Day Seven of the Oregon Trail: Oregon at Last!

I guess I don’t need to apologize for how far behind I’ve gotten on these Oregon Trail posts, because it should just be taken for granted at this point. Argh. In the last week, I have been absolutely exhausted, mentally and physically, and work has been awful and stressful, and I just haven’t had it in me to blog. But I need to do something, so blogging it is.

Day Seven saw your plucky traveling blogger arrive in Oregon, the Promised Land!

It would be a few days before I reached Oregon City and the end of the Trail, but I was coming closer.

As I had traveled from landmark to landmark, seeing different museums and learning more about what kinds of hardships the emigrants endured on their journey, I started to think that these people must have been not only brave and hardy, but dumb as a sack of buffalo chips. “Those people are ridiculous,” I thought. “Nothing could be worth that.”

But when I passed into Oregon and got a good look around me, I had to say, “All right…I get it now.”

The first major stop in Oregon was Farewell Bend, where the Trail finally left the Snake River that it had been following for many miles.

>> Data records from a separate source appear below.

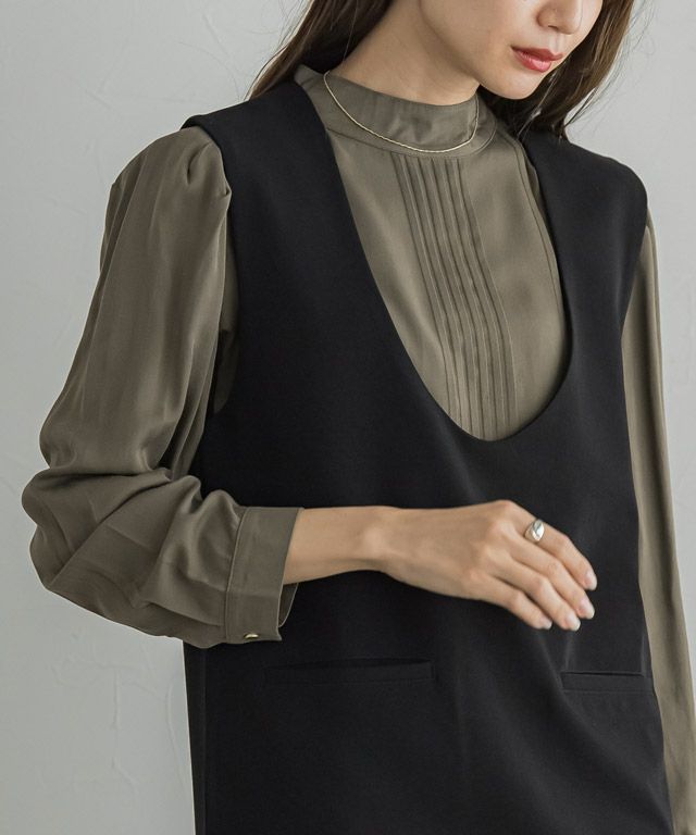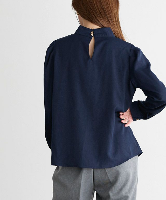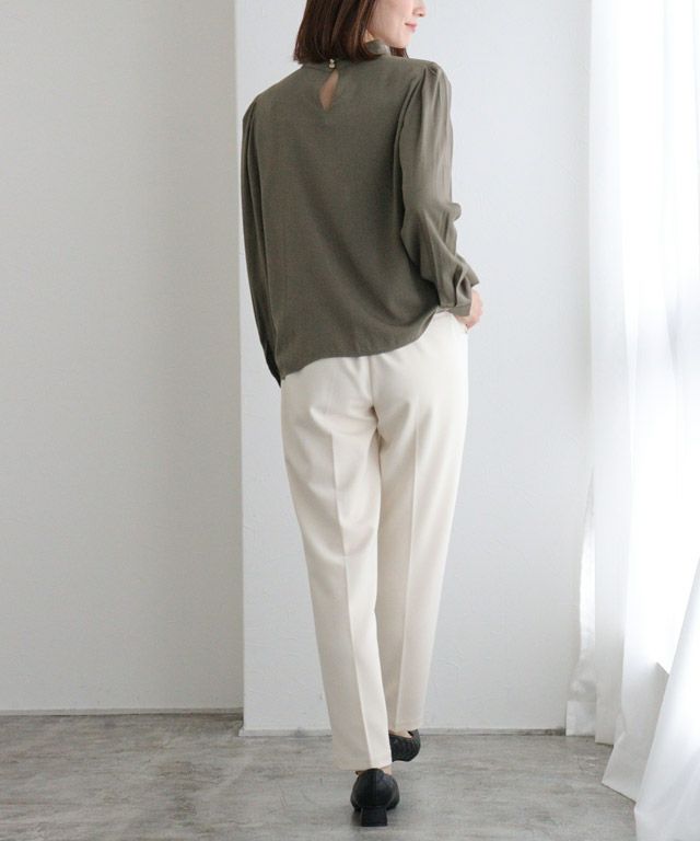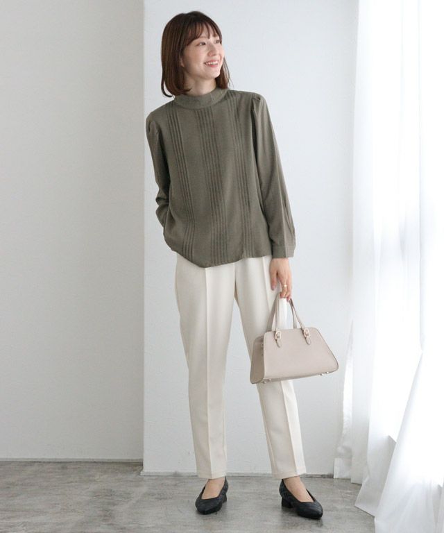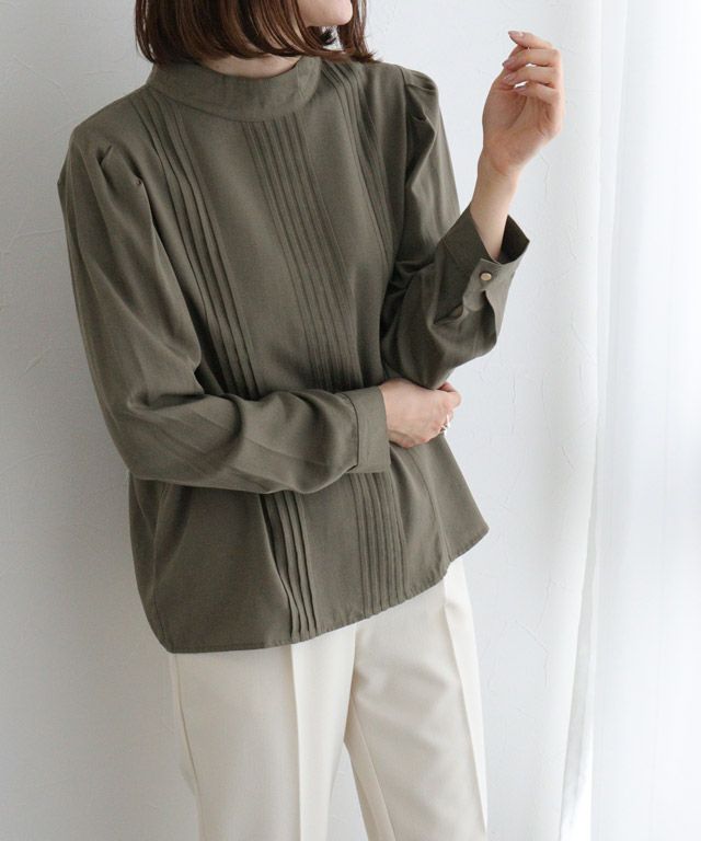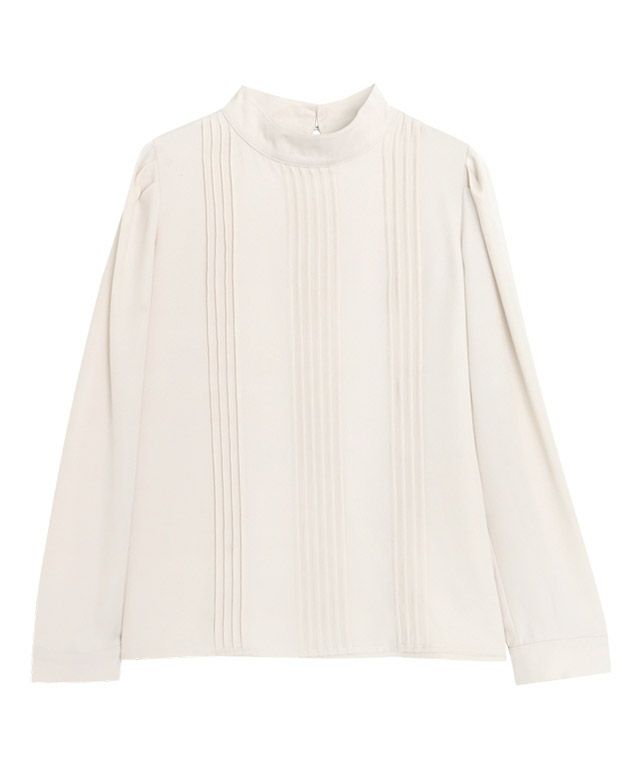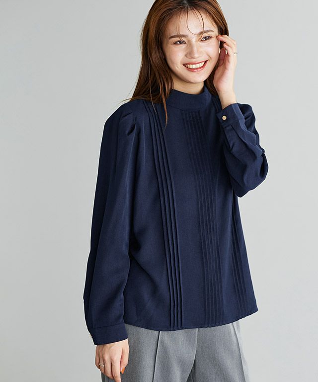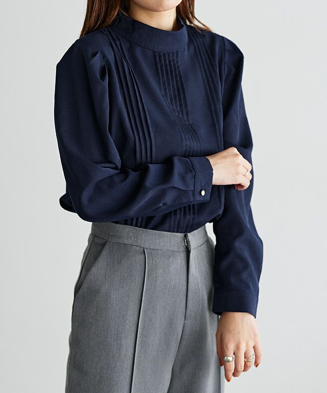 上品なスタイルを完成する“ピンタックハイネックブラウス”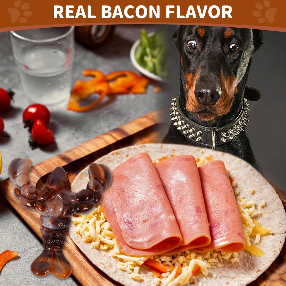 Forfunyou Indestructible Dog Toys For Aggressive Chewers - Large & Medium-Large Breeds, 1-Pack Bacon Flavored Tough Dog Bones Gi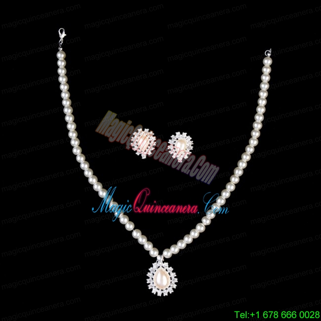 Vintage Style Pearl With Rhinestone Drop Necklace And Earring Set
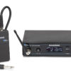 SISTEMA WIRELESS: GUITARRA Y BAJO Sistema inalámbrio para guitarra o bajo. Conjunto compuesto por receptor DIVERSITY y emisor tipo petaca para guitarra/bajo. Sincronización canales via infrarrojos. Incluye adaptador de alimentación para receptor.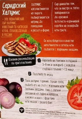 Ах да, сказать вам по секрету, как я употребила тот самый достославный Халумис?? Ни за что не догадаетесь... В этот раз я делала... пиццу))) И купленной по моему парт.заданию сыном Моцареллы для пиццы оказалось мало. На дворе - позднятина. Куды бечь?? В ночные супермаркеты? В лом, да и некогда. Открываю холодильник, медитирую над его содержимым... И тут глаз выхватывает ласково глядящий на меня Халууумис (ох ты мой родимый, тебя-то мне и надо!), ура! Если он подошел для хачапури, неужели не подойдет для пиццы? Да и вообще я - девушка, открытая для экспериментов всяческих кроме сексуальных извращений и расширителей сознания, так что решение было принято в доли секунды. Что могу сказать - смело и щедро сдабривайте свою пиццу Сернурским (кипрский Вам все равно сейчас не купить;) ) халумисом и имейте свой гастрономический кайф:) Ну и, если без шуток, он реально мало уступает по вкусу оригиналу. Конечно, за давностью лет не ручаюсь за мельчайшие нюансы и оттенки вкуса, но по большому счету - очень достойно. Между прочим, сын отчинил себе кусочек до того, как халумис пошел в пиццу, и я присоединилась к дегустации. Уверяю Вас, если решите сточить его вот так, в первозданном виде и состоянии, безо всяких там кулинарных манипуляций, не пожалеете ни разу, зуб даю! Там, кстати, на обороте еще шпаргалочки с рецептами для полного сервиса:)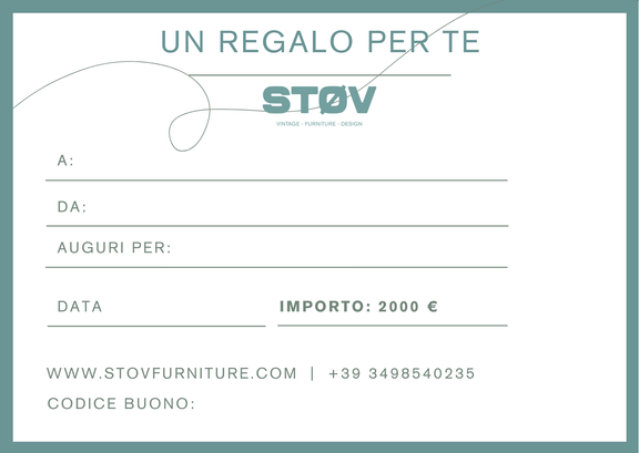 Regala la libertà di scegliere con la Gift Card STOV da 250€. Perfetta per chi ama il design vintage e l'arredamento di qualità, consente al destinatario di selezionare i pezzi che preferisce dal nostro catalogo esclusivo. Valida su tutti i prodotti del nostro store online, è il regalo ideale per gli amanti dell'interior design e del vintage furniture. Consegna istantanea via email, nessuna scadenza.

Sorry for the spottiness of this photo, but I took it from my car, through the windshield
My final look at the gorgeous Snake River

“I LOOK ONCE MOOOOOOOOOOORE JUST AROUND THE RIVERBEEEEEEEEND…”

Then I traveled through the gorgeous landscape…

…to Baker City, where they had one of the better Oregon Trail-centered museums.

What a surprise, another model wagon

The museum (sorry, “interpretive center”) had a lot of displays of things that I took pictures of and now I can’t remember what they were. Because it was inside, I took pictures with my iPod, but the quality was so bad I can’t even read the signage.

Clearly this was a map…of…something…
There were a lot of interactive exhibits to make you think about what the pioneers had to take or leave behind, what was essential or not
I dunno, if it’s leather-bound, it probably tastes like jerky
They had some very detailed and lifelike, if slightly creepy, displays of what trail life might look like
Loki and Thor came along for the experience
I did have to keep them from being trampled by the wagon master

The interpretive center itself was on a high hill in view of the Blue Mountains. Not so shabby a vista, I have to say.

And Baker City was a decent little place with a cute downtown area, but I didn’t think to get my own photos of it. I tried to do a Google Image search for a picture or two to “borrow” but I didn’t find anything good enough there, either. Oh, well.